Available data:
__________

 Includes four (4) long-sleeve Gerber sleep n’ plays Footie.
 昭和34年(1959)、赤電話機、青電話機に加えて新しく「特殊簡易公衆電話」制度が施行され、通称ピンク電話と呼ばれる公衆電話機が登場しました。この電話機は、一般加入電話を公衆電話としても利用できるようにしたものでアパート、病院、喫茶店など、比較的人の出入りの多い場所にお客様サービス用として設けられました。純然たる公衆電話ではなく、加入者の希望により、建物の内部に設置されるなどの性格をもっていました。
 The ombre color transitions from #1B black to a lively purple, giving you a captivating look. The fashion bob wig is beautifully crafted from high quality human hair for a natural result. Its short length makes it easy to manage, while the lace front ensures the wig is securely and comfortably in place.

__________

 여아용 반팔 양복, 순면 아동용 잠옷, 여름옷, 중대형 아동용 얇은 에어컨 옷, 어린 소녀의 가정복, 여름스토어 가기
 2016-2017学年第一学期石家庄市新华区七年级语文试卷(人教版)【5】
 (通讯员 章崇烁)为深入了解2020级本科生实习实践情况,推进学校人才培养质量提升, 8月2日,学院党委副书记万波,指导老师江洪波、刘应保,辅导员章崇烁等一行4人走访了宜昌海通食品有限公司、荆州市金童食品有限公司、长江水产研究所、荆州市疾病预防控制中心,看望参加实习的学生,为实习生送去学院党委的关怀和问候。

__________

Work instructions:
Set down, unchanged, only those lines above that fall between the line with "Includes four (4)" and the line with "The ombre color", the two end lines included.

Answer section:
 Includes four (4) long-sleeve Gerber sleep n’ plays Footie.
 昭和34年(1959)、赤電話機、青電話機に加えて新しく「特殊簡易公衆電話」制度が施行され、通称ピンク電話と呼ばれる公衆電話機が登場しました。この電話機は、一般加入電話を公衆電話としても利用できるようにしたものでアパート、病院、喫茶店など、比較的人の出入りの多い場所にお客様サービス用として設けられました。純然たる公衆電話ではなく、加入者の希望により、建物の内部に設置されるなどの性格をもっていました。
 The ombre color transitions from #1B black to a lively purple, giving you a captivating look. The fashion bob wig is beautifully crafted from high quality human hair for a natural result. Its short length makes it easy to manage, while the lace front ensures the wig is securely and comfortably in place.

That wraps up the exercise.